For PGD I agree that it depends on the father and I know I'm trying to make decisions 15-20 years in advance but I can't help it! I think if the father is healthy I will just leave it to chance because I can't just choose for my child not to have BRCA, I can only choose not to let an embryo with BRCA be born, and I think that regardless of whether or not I have this mutation I still deserved a chance at life and so do any future children I will (hopefully) have. The only thing I worry about is that the father will also have a BRCA2 mutation because if we are both affected with BRCA2 mutations, out child could be born with Faconi Anaemia, which would mean my child would be born with various birth defects, be seriously ill most of their life and die in their 20s or early 30s. I tend to overanalyse these things....

That's terrible; I can't imagine the stress of being in and out of hospital like that. How is your mum now? Have you discussed with them the possibility of your own surgery? Also, My mutation is in a different gene to yours (MSH2) which means that bowel cancer, stomach cancer and endometrial cancer are the main concerns for me; it doesn't affect breast cancer at all so that's one surgery I don't have to worry about.
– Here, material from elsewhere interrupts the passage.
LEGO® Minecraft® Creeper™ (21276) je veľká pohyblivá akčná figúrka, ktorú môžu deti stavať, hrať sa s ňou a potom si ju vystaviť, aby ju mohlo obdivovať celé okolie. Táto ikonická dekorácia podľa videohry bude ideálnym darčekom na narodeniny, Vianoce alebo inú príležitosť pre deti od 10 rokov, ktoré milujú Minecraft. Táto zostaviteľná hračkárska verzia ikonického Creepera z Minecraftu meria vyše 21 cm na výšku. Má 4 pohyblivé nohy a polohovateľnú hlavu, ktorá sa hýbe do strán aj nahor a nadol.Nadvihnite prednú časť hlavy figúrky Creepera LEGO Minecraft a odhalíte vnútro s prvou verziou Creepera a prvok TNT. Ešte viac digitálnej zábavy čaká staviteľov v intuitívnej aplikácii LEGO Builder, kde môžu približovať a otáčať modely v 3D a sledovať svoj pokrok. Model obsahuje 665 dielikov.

I know what you mean about deserving life despite having a genetic mutation; it's not as though we're certain to get cancer, or that someone without the gene is safe so why meddle on that account?
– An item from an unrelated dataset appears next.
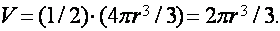 При вращении четверти круга вокруг оси Ох получим полушар, объем которого равен
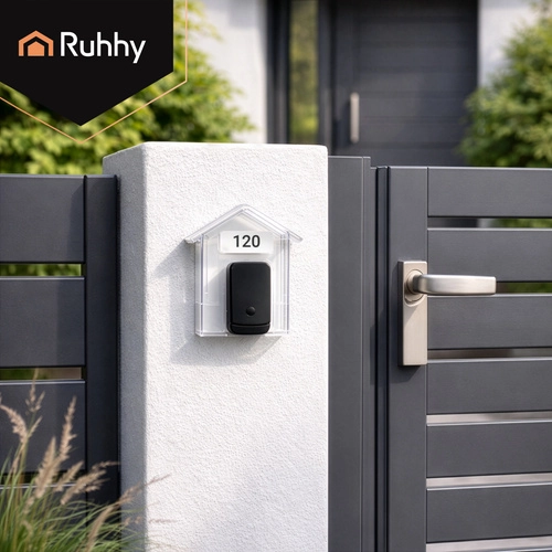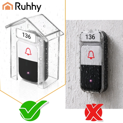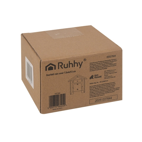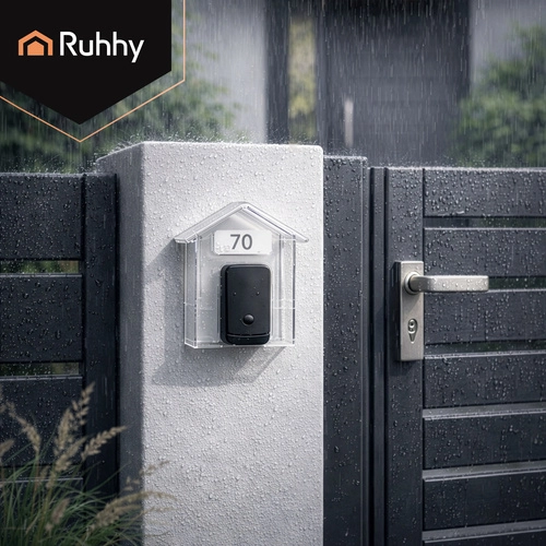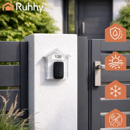 Praktična zaštitna nadstrešnica RUHHY pametno je rješenje za produženje vijeka trajanja vašeg zvona. Prozirni pokrov u obliku kućice učinkovito štiti od kiše, snijega i UV zračenja, a pritom zadržava potpunu vidljivost i pristup tipki. Zahvaljujući kompaktnim dimenzijama 9,5 × 4,3 × 9,9 cm odgovara većini bežičnih i žičanih zvona.

I'm sorry to hear about the Faconi Anaemia risk; but I think the BRCA2 mutation is quite rare so the likelihood of the father also carrying it is relatively small, isn't it?

I know the feeling of overanalysing things, but I think it's better to be aware of your situation so that you can make informed decisions

I've had surgery to remove skin cancer, twice. Biggest fear is everytime I look at a mole/freckle/blemish on my skin I automatically assume it is going to change and I'm going to have to go through everything again. And being left with a great big scar to remind me of it doesn't help either.

Also, lost my Nan to lung cancer in 2004.

F*** cancer.

Sorry to hear about your skin cancers. Do you mind if I ask, what type of skin cancer they were, like what they looked like etc?

I've just been to the GP about a suspicious mark/thing on my leg, and have been referred to the dermatologist for a biopsy. Dr says it could be skin cancer. He said its rare though in someone my age (21) and I've not been frying in the sun or on the sunbed. Was that the same for you? I'm so scared, sorry for the questions.

Sorry to hear that. I hope it's nothing serious.

Friend has found out that 3 relatives of hers have cancer. How ****.

Does anyone have experience of the following:
Granddad had cancer in his mouth and throat. Given all clear and has had some issues eating. They don't think they can given him dentures or anything like that due to the radiotherapy.